Pub. L. 95–485, title VIII, § 819, Oct. 20, 1978, 92 Stat. 1626, provided that: “Notwithstanding any other provision of law, an individual who performs bagger or carryout service for patrons of a commissary of a military department may not be considered to be an employee for purposes of the Fair Labor Standards Act of 1938 [this chapter] by virtue of such service if the sole compensation of such individual for such service is derived from tips.”

Administrative Action by Secretary of Labor With Regard to Implementation of Fair Labor Standards Amendments of 1977

Pub.

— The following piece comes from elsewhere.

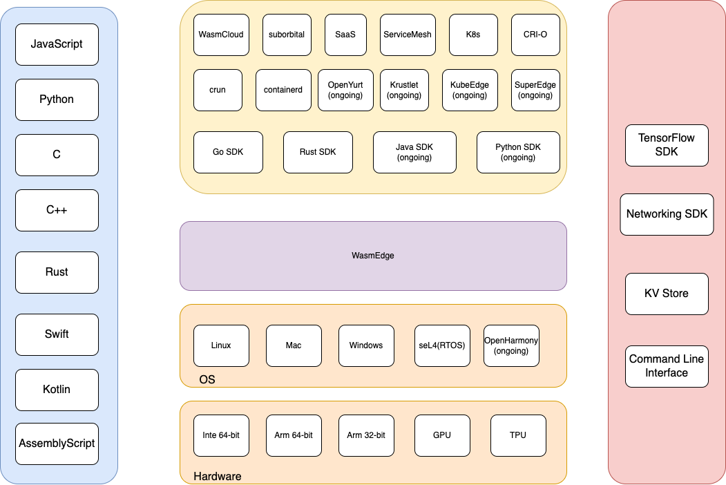 如今业界已经围绕 WebAssembly 构建起了一个非常庞大的生态,Runtime 可以说是整个生态中最底层的基础设施(下图是以 WasmEdge 为例描绘的 WebAssembly 生态图)。其中最有代表性的项目包括 WasmEdge、V8、Wasmtime、WAMR 等,不同 Runtime 各有各的应用场景和优化点。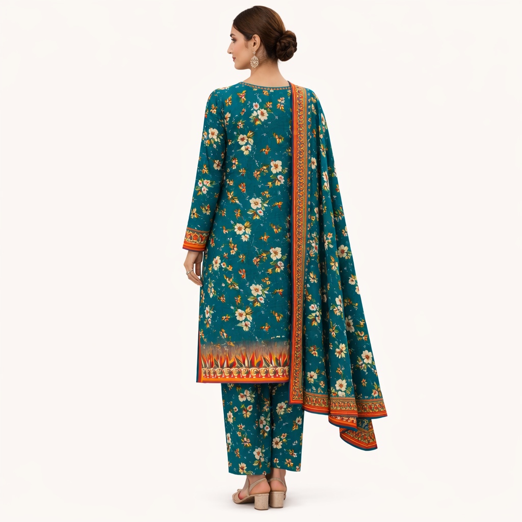 Premium quality digital printed lawn shirt with matching trouser and beautiful dupatta. Perfect summer collection for ladies in Pakistan.

L. 95–151, § 15(c), Nov. 1, 1977, 91 Stat. 1253, provided that: “On and after the date of the enactment of this Act [Nov. 1, 1977], the Secretary of Labor shall take such administrative action as may be necessary for the implementation of the amendments made by this Act [See Short Title of 1977 Amendment note set out under section 201 of this title].”

Rules, Regulations, and Orders Promulgated With Regard to 1966 Amendments

Pub. L. 89–601, title VI, § 602, Sept. 23, 1966, 80 Stat. 844, provided in part that: “On and after the date of the enactment of this Act [Sept. 23, 1966] the Secretary is authorized to promulgate necessary rules, regulations, or orders with regard to the amendments made by this Act [see Short Title of 1966 Amendment note set out under section 201 of this title].”

Executive Documents
Transfer of Functions

In subsec. (l), “Secretary of Labor” substituted for “Chief of the Children’s Bureau in the Department of Labor” and for “Chief of the Children’s Bureau” pursuant to Reorg. Plan No. 2 of 1946, § 1(b), eff. July 16, 1946, 11 F.R. 7873, 60 Stat. 1095, set out in the Appendix to Title 5, Government Organization and Employees, which transferred functions of Children’s Bureau and its Chief under sections 201 to 216 and 217 to 219 of this title to Secretary of Labor to be performed under his direction and control by such officers and employees of Department of Labor as he designates.